The cease-fire negotiations, to which he had devoted six months, fell apart quickly because of the government’s military offensive in Aleppo the very day of his announcement at the Security Council. Privately, United Nations diplomats said Mr. de Mistura had been manipulated. To this, Mr. de Mistura said only that he was “disappointed and concerned.”
Tarek Fares, a former rebel fighter, said after a recent visit to Aleppo that no Syrian would admit publicly to supporting Mr. de Mistura’s cease-fire proposal. “If anyone said they went to a de Mistura meeting in Gaziantep, they would be arrested,” is how he put it, referring to the Turkish city where negotiations between the two sides were held.

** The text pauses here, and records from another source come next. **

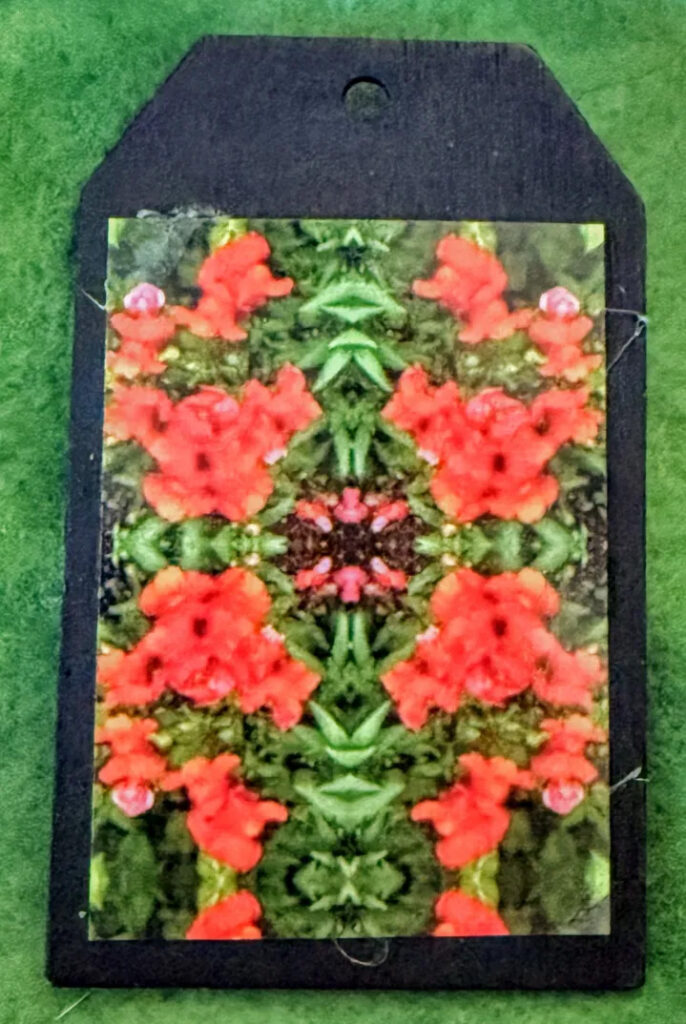 Red Flower Kaleidoscope Small Wooden Ornament Wooden ornament featuring an exclusive Black Cat Studios manipulated photo on the front and back. Fun, festive, and affordable makes the perfect gift for everyone on your list!! $2.50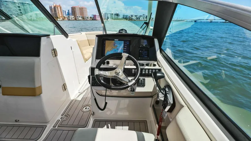 Convertible seating throughout adds versatility, easily shifting between plush lounging and open deck space. Freshwater and raw water washdowns help keep the boat clean and guests refreshed during warm summer days or after offshore runs.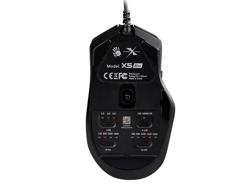 Klawisze do regulacji trybów pracy i sterowania czujnikiem dla A4Tech Bloody X5 Max zostały przeniesione do podstawy bez konieczności instalacji dodatkowego oprogramowania.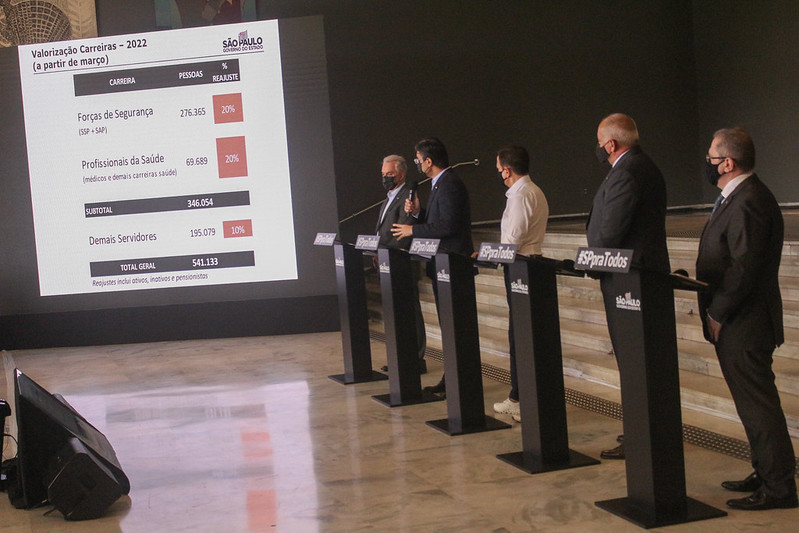 Entre 2019 e 2022, o Governo de SP concedeu reajuste de 26% para policiais militares e civis, 20% para profissionais da saúde e 10% para as demais categorias, enquanto esses percentuais foram, de 2015 a 2018, de 4% para PMs, de 7,7% para policiais civis e de 3,5% para profissionais da saúde e demais categorias.

Secretary General Ban Ki-moon remains staunchly behind Mr. de Mistura’s efforts. His defenders point out that he is at the center of one of the world’s toughest diplomatic problems, charged with mediating a conflict in which two of the world’s most powerful nations — Russia, which supports Mr. Assad, and the United States, which has called for his ouster — remain deadlocked.

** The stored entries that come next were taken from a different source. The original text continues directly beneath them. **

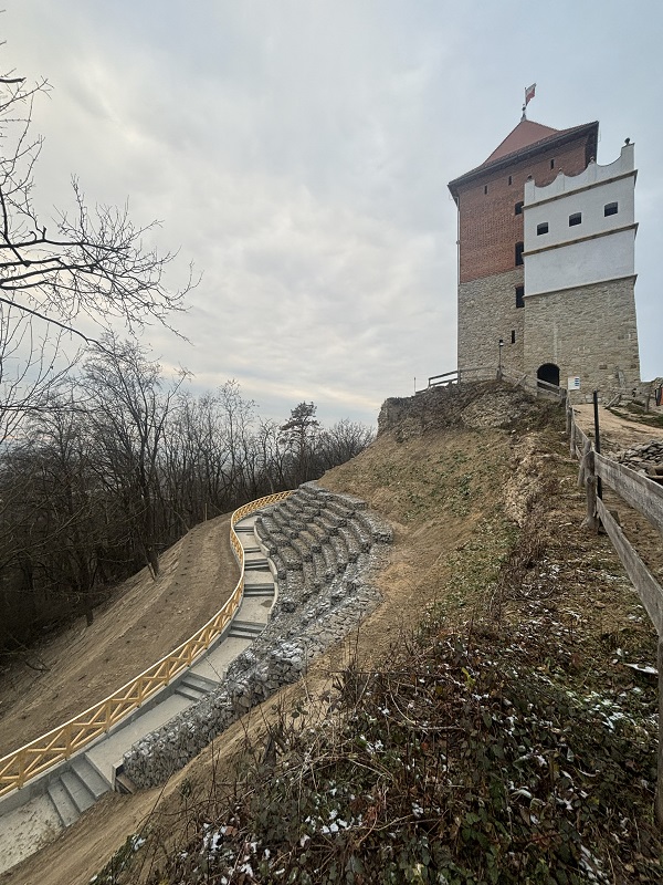 Wybudowana została konstrukcja zabezpieczająca skarpę. Ponadto zabezpieczono nasypy koszami kamiennymi i siatkami oraz powstał cały system odwadniający. Na zabezpieczeniach stabilizujących zewnętrzne mury zamku wykonano ścieżkę turystyczną o szerokości 1,85 m i długości około 100 m, która pozwala obejść i obejrzeć zamek z miejsc dotąd trudno dostępnych.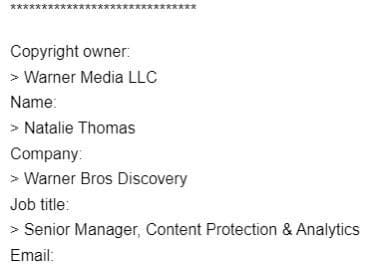 Internet sleuth and Youtuber Hypnotic posted what appears to be confirmation of the leak in the form of DMCA complaints about people posting the image from Warner Bros. Discovery. The takedown is credited to Natalie Thomas, who’s listed as a Senior Manager of Content Protection and Analytics.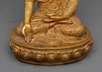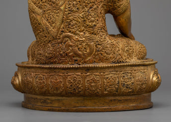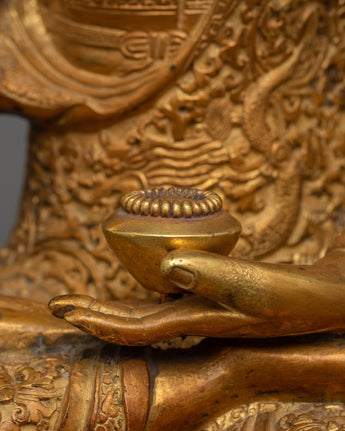 Ratnasambhava's statue is composed of copper alloy and 24k gold-gilded. Ratnasambhava is shown seated on a moon disc lotus seat, his right hand in the gesture of generosity, 'Varada mudra,' and his left hand carrying an alms bowl.
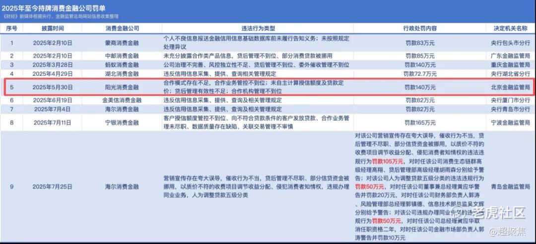 更具讽刺意味的是,报道中点名的部分合作机构自身也有不当行为。例如,阳光消费金融在2025年就因“合作机构管理不到位”、“未自主计算授信额度”等问题,被国家金融监督管理总局北京监管局处以140万元罚款。与这样的“问题伙伴”进行违规合作,无疑加剧了携程的合规风险。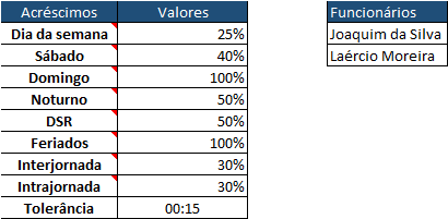 O cadastro possui as configurações gerais da empresa com relação ao banco de horas. Elas incluem os percentuais de acréscimo para horas trabalhadas fora do horário de trabalho e também uma lista simples dos funcionários que serve como base em outras planilhas da pasta de trabalho como por exemplo para a navegação.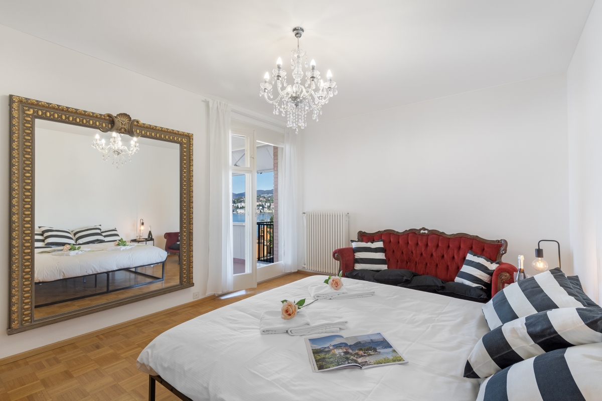 Bedroom 1: The spectacular master bedroom is furnished with a modern double bed, combined with an antique wardrobe, an elegant sofa, a large framed mirror and a balcony shared with the 2nd bedroom which looks out over the lake.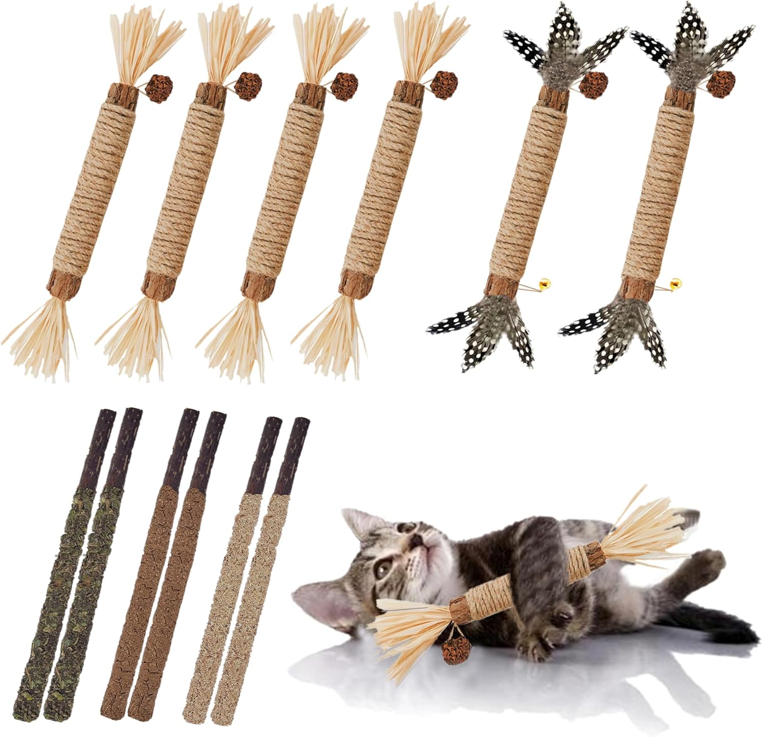 - 3.[Cat Teaser Toy with Feather]:This kitten treats for indoor kitten contains exciting durable string which makes cat chew toys for aggressive chewers more resistant to bites, dried & strong silvervine wood stick, cute kitten bell, lickable actinidia fruit. To increase the cat's interest in cat dental toy, we have added beautiful feather to teasing cat.Real fur will make cat very excited & playful, release the pressure in the process of playing & make the mood better.

R. Nicholas Burns, a former State Department official who now teaches at Harvard, credited Mr. de Mistura for trying to negotiate a cease-fire even when the chances of success were exceedingly small — and the chances of a political deal even smaller. For his efforts to work, Professor Burns argued, the world powers will first have to come to an agreement of their own.
“He needs the help of outside powers,” he said. “It starts with backers of Assad. That’s Russia and Iran. De Mistura is there, waiting.”